▶ **DIRECTIONS**:
Lower down are entries containing pictures. Copy exactly, without those pictures, the lines from the line with "ツノが大きい牛が二本足で立って、フーフーと荒い息をしてこちらを睨んでいる。" through the line with "Російські та проросійські".

▶ **MATERIAL PROVIDED**:
/---

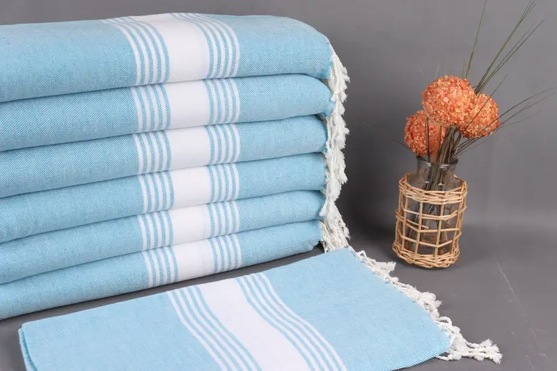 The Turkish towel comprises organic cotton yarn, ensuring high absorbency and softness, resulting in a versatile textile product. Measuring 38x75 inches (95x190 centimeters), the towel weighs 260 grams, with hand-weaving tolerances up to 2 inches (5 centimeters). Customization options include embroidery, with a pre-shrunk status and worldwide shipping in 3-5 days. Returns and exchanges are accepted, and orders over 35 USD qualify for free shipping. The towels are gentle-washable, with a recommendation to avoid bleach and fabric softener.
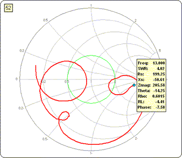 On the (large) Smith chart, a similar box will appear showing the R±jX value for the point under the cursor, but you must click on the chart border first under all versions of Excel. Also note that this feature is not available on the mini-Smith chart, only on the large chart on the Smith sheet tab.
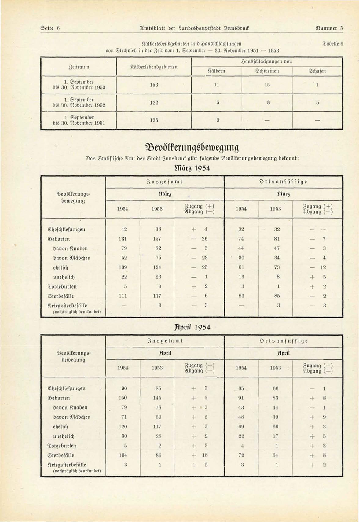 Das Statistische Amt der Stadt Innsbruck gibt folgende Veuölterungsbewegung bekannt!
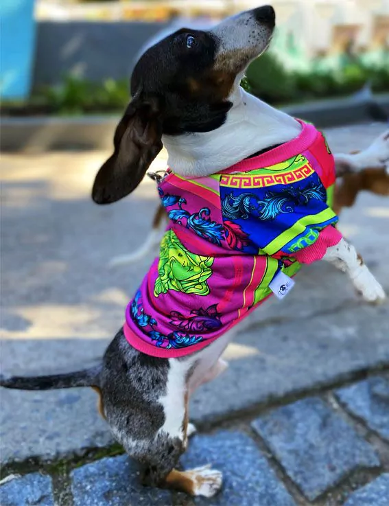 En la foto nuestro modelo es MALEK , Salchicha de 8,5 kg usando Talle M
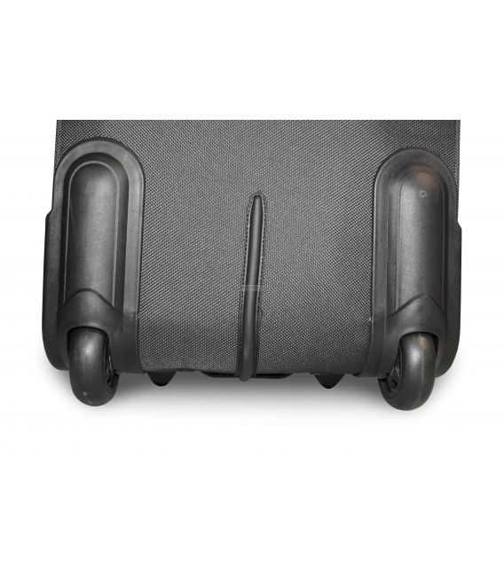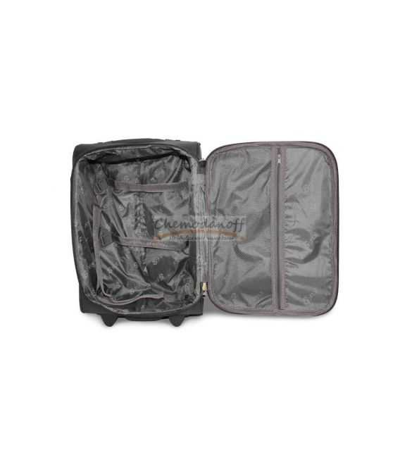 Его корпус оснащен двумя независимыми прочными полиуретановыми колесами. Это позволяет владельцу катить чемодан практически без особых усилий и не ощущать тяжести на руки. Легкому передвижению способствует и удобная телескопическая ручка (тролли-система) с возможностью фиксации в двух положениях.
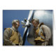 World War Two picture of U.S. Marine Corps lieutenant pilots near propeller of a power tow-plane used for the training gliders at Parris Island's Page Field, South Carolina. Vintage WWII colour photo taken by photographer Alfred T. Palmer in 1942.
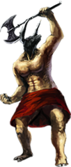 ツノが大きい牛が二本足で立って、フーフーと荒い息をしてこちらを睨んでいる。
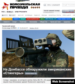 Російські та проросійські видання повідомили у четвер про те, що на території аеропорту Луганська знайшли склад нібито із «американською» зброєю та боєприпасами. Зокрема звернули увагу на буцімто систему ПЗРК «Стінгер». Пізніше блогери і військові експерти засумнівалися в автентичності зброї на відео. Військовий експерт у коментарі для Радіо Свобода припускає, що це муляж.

\---
/---

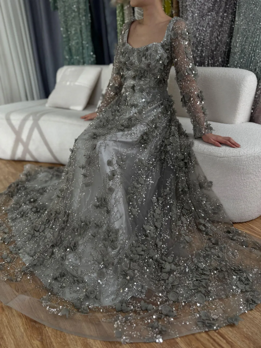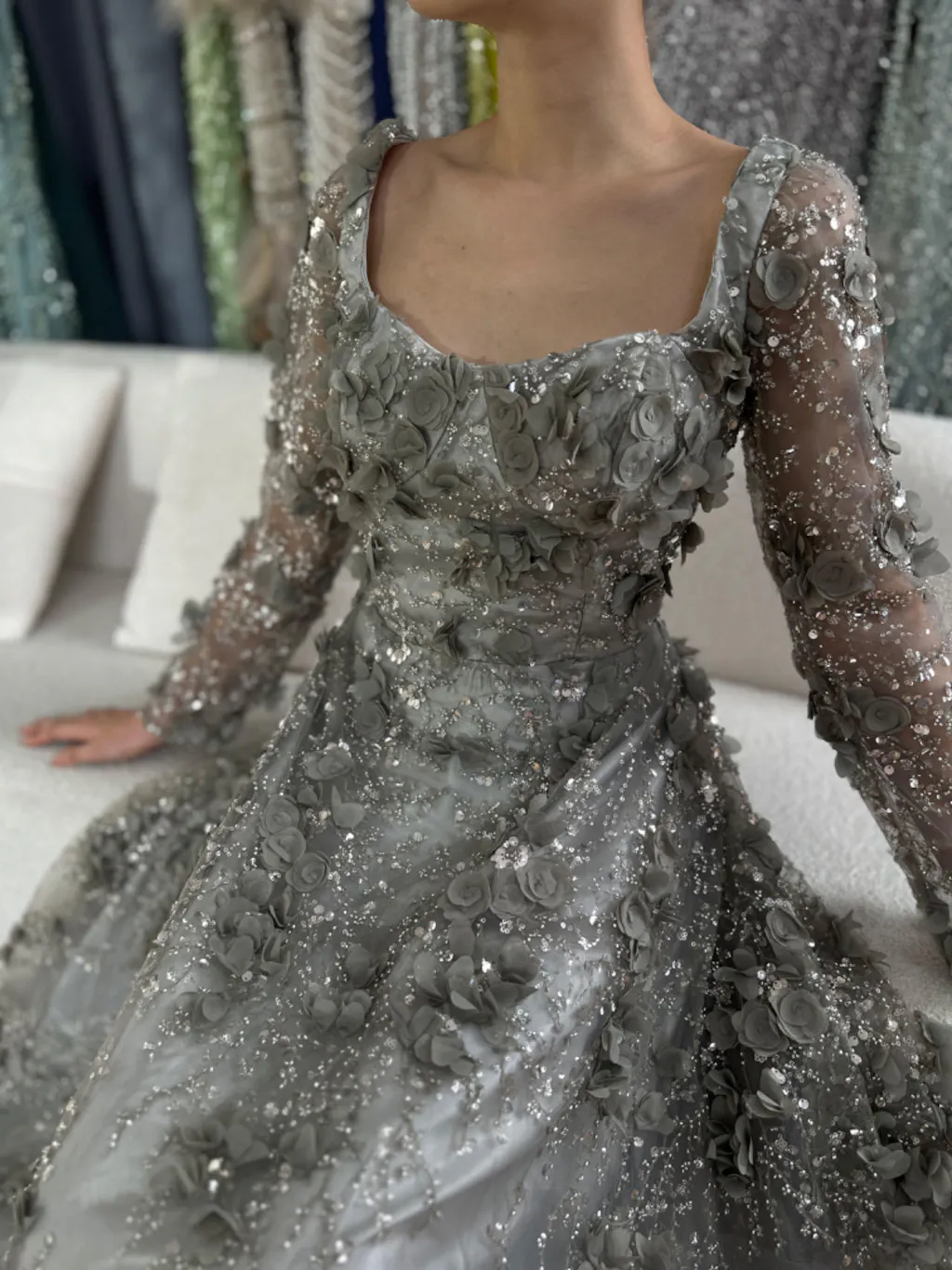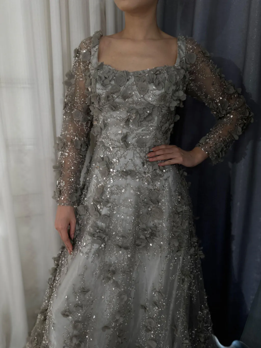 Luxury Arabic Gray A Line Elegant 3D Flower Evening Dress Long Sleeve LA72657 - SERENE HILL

\---

▶ **ANSWER SPACE**:
 ツノが大きい牛が二本足で立って、フーフーと荒い息をしてこちらを睨んでいる。
 Російські та проросійські видання повідомили у четвер про те, що на території аеропорту Луганська знайшли склад нібито із «американською» зброєю та боєприпасами. Зокрема звернули увагу на буцімто систему ПЗРК «Стінгер». Пізніше блогери і військові експерти засумнівалися в автентичності зброї на відео. Військовий експерт у коментарі для Радіо Свобода припускає, що це муляж.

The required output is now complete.